28話:You took the best parts of my life

アドレイドはいつの間にか廃村の中を歩いていた。

「……っ」

先刻森の中の孤児院にて襲撃された時、撃たれた傷が痛む。
命に関わる程のものでは無いと思いたいが、森の中を走ったため感染症も心配だった。
しかしそれを心配してもアドレイドにはどう処置すれば良いのか分からなかったのだが。
痛みを我慢しながら適当に歩いていると、薄汚い大きな犬と出くわす。

「あ? 誰だ?」
「あ、あんたも参加者…? の、乗ってない?」
「乗ってるって、殺し合いにか? ああ乗ってねぇよ」
「本当に……?」
「……? おいアンタ怪我してんじゃねぇか、撃たれたのか?」

犬がアドレイドの傷を見付け心配する素振りを見せる。

「森の中の孤児院で、殺し合いに乗ってる奴と出くわして、撃たれたのよ……」
「マジか、大変だったな…手当の方法分からん」
「うう……」
「どんな奴に襲われたんだ」
「ええと、青い猫の獣人の少女で……あっ、あんな感じの子、あ、あれ?」


ダァン! ダァン! ダァン! ダァン!


「ぬおおおお!?」

アドレイドが指差した方向には確かに青っぽい毛皮の猫獣人の少女が立っていて、
そしてその少女はアドレイドと犬に向け持っていた拳銃を発砲し始めた。
銃弾は犬――ドーグラスには当たる事は無かったが、アドレイドの心臓の辺りに一発が食い込んだ。
アドレイドは胸を押さえ血の泡を吹きながら苦しみ、数秒後、地面に崩れ落ち動かなくなった。

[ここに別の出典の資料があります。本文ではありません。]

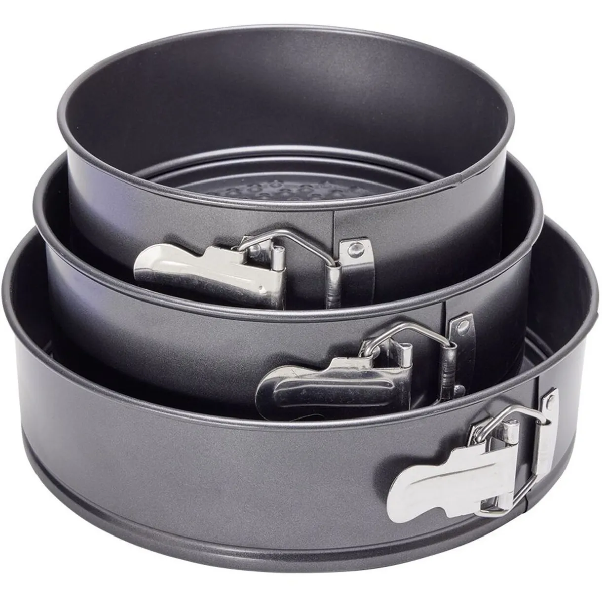 Lot de 3 moules à gâteau en métal avec système d’ouverture/fermeture à charnière pour un démoulage facile.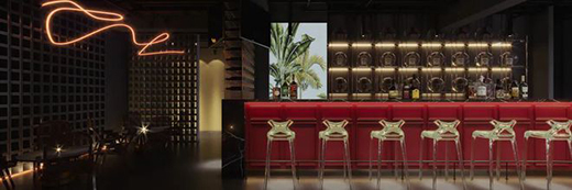 八只鸚鵡的名字靈感源自非洲的大型鸚鵡,所以大廳氛圍向往的是非洲原始的熱情和自然景觀。吧臺這一抹熱情似火的紅色,直接點燃了現(xiàn)場氣氛。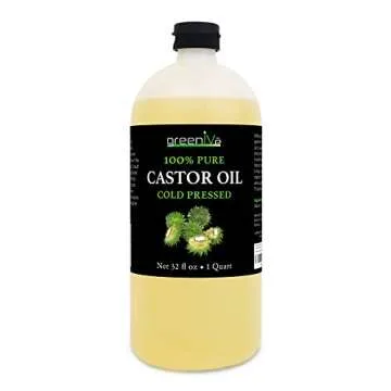 GreenIVe Castor Oil Organically Grown 100% Pure 32oz Bottle Cold Pressed, Hexane Free, Eyelash and Eyebrow Growth Serum, Skin Moisturizer Detox and Wraps
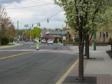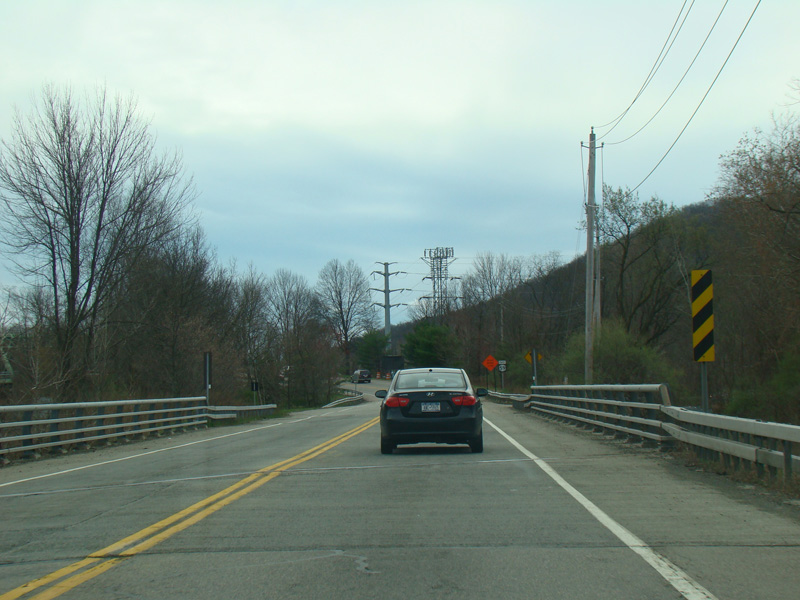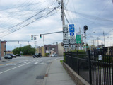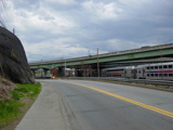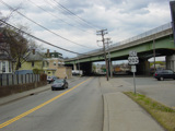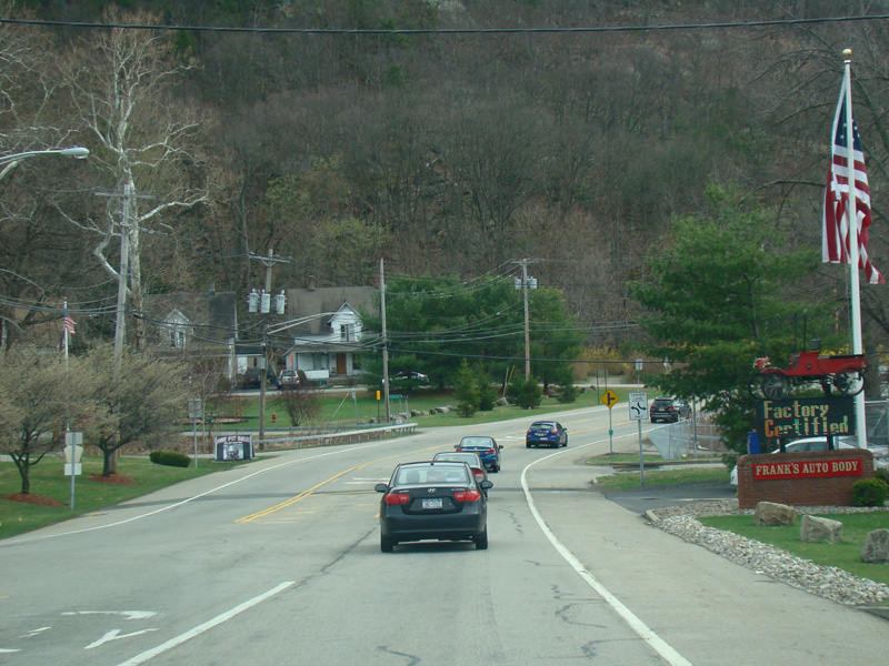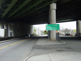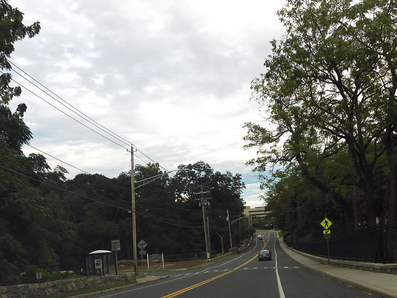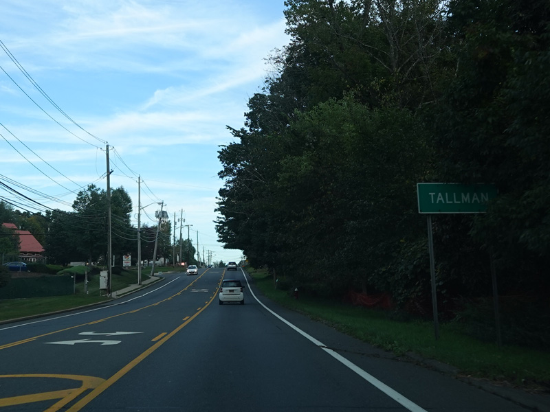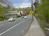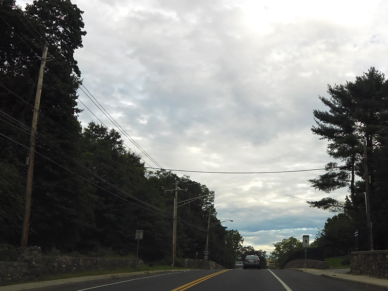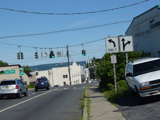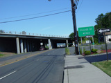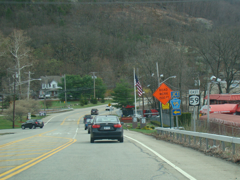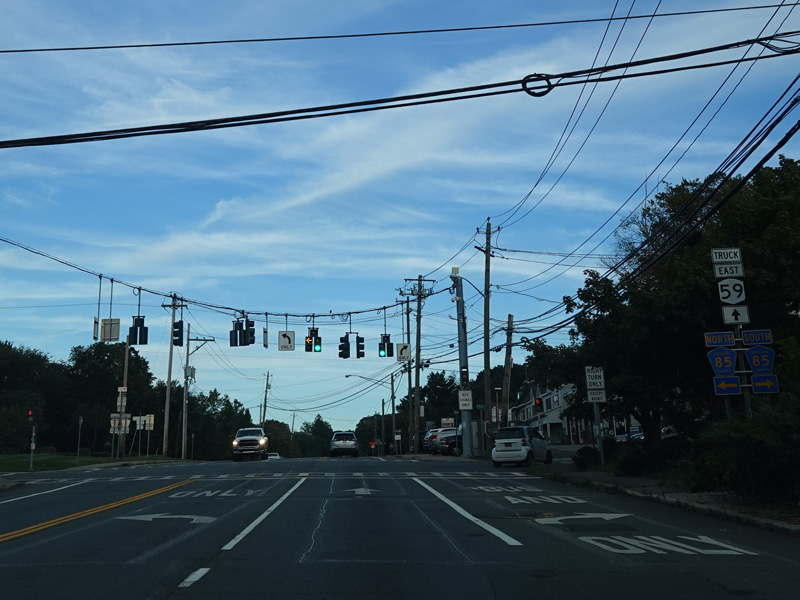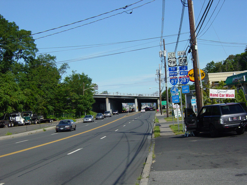 Welcome to the Village of Nyack! NY 59 passes under the New York Thruway (I-87/I-287) and then ends at US 9W. There is a traffic light at the eastern terminus. Turn left to go north or turn right to go south. There is an entrance to the Thruway from US 9W one block north of here. Main Street is straight ahead.

「見付けた見付けた……でも、もう一人、いや一匹、いたね」
「おいおい……」

先刻の平田洋明に続き、またしても面倒そうな奴に遭ってしまったと、ドーグラスは心の中で嘆く。

「逃げよう」
「待ってよ……折角見付けたんだから」

ダァン! ダァン!

「畜生、死んでたまるか!」

ドーグラスは銃弾をかわしつつ必死に逃走を図った。
しかし少女――井本萌実もまた、楽しそうな笑みを浮かべながらドーグラスの事を追い始める。
その二人の様子を廃屋の物影から伺う者がいた――ドーグラスを追う平田洋明。
ようやく目的のドーグラスを発見したのは良いが先に襲撃している者がおり、やむを得ず隠れて様子を見ていたのだが。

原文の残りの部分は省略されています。